Vangelo e parola del giorno 28 febbraio 2026

Fonte dell’articolo Radio Vaticana. Vangelo e parola del giorno – il pensiero del giorno, anche in versione Podcast con le parole del Santo Padre.

Prima Lettura
Dal libro del Deuteronòmio Dt 26,16-19
Mosè parlò al popolo, e disse: «Oggi il Signore, tuo Dio, ti comanda di mettere in pratica queste leggi e queste norme. Osservale e mettile in pratica con tutto il cuore e con tutta l’anima. Tu hai sentito oggi il Signore dichiarare che egli sarà Dio per te, ma solo se tu camminerai per le sue vie e osserverai le sue leggi, i suoi comandi, le sue norme e ascolterai la sua voce. Il Signore ti ha fatto dichiarare oggi che tu sarai il suo popolo particolare, come egli ti ha detto, ma solo se osserverai tutti i suoi comandi. Egli ti metterà, per gloria, rinomanza e splendore, sopra tutte le nazioni che ha fatto e tu sarai un popolo consacrato al Signore, tuo Dio, come egli ha promesso».
Salmo responsoriale
Sal 118
R. Beato chi cammina nella legge del Signore.

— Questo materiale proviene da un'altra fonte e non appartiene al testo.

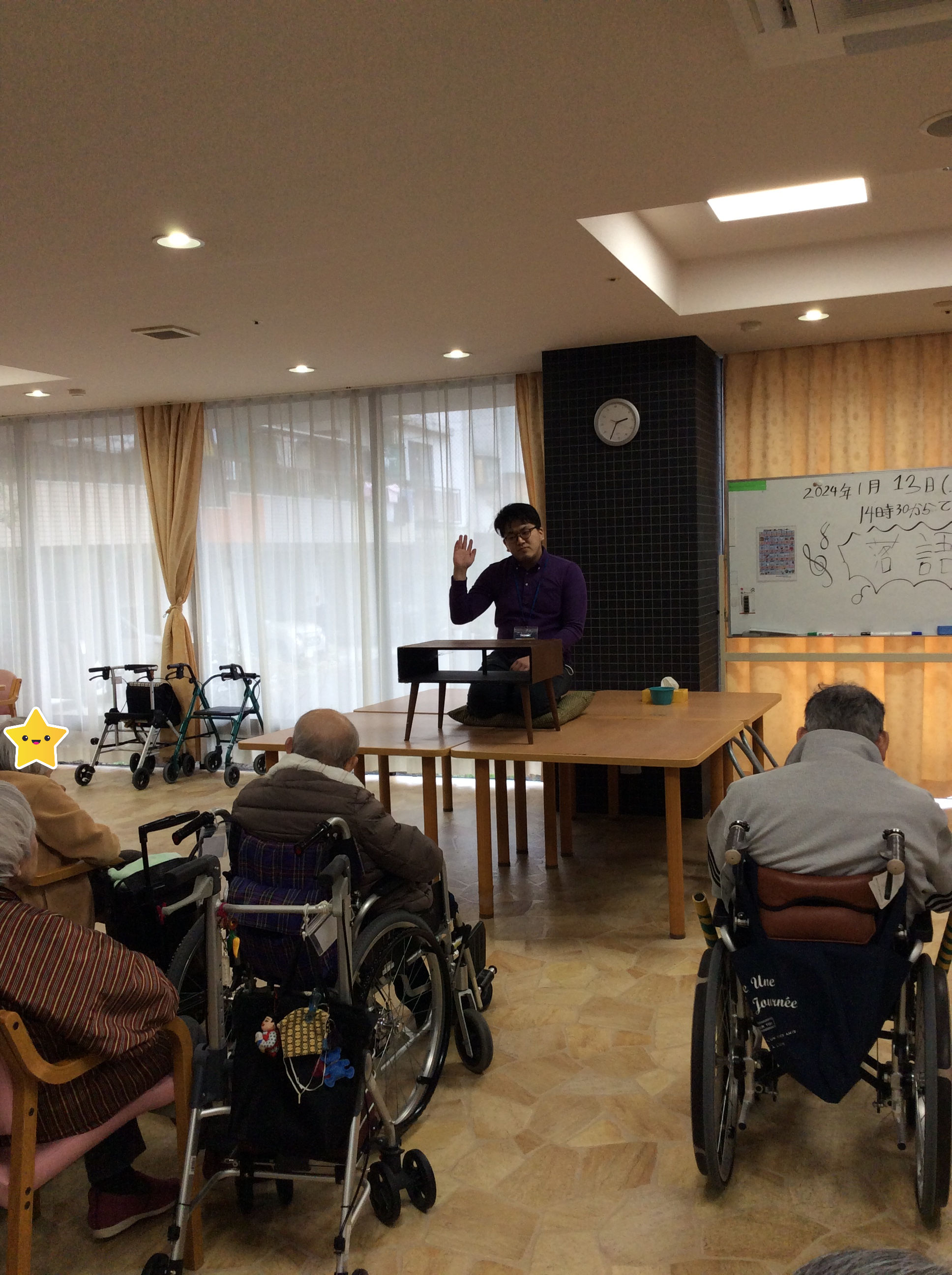 ・14時30分~レクリエーション 本日は『扇亭太優左』こと、職員による落語でした。

Beato chi è integro nella sua via e cammina nella legge del Signore. Beato chi custodisce i suoi insegnamenti e lo cerca con tutto il cuore. R.  Tu hai promulgato i tuoi precetti perché siano osservati interamente. Siano stabili le mie vie nel custodire i tuoi decreti. R.  Ti loderò con cuore sincero, quando avrò appreso i tuoi giusti giudizi. Voglio osservare i tuoi decreti: non abbandonarmi mai. R.Dal Vangelo secondo Matteo Mt 5,43-48
In quel tempo, Gesù disse ai suoi discepoli: «Avete inteso che fu detto: “Amerai il tuo prossimo” e odierai il tuo nemico. Ma io vi dico: amate i vostri nemici e pregate per quelli che vi perseguitano, affinché siate figli del Padre vostro che è nei cieli; egli fa sorgere il suo sole sui cattivi e sui buoni, e fa piovere sui giusti e sugli ingiusti. Infatti, se amate quelli che vi amano, quale ricompensa ne avete? Non fanno così anche i pubblicani? E se date il saluto soltanto ai vostri fratelli, che cosa fate di straordinario? Non fanno così anche i pagani? Voi, dunque, siate perfetti come è perfetto il Padre vostro celeste».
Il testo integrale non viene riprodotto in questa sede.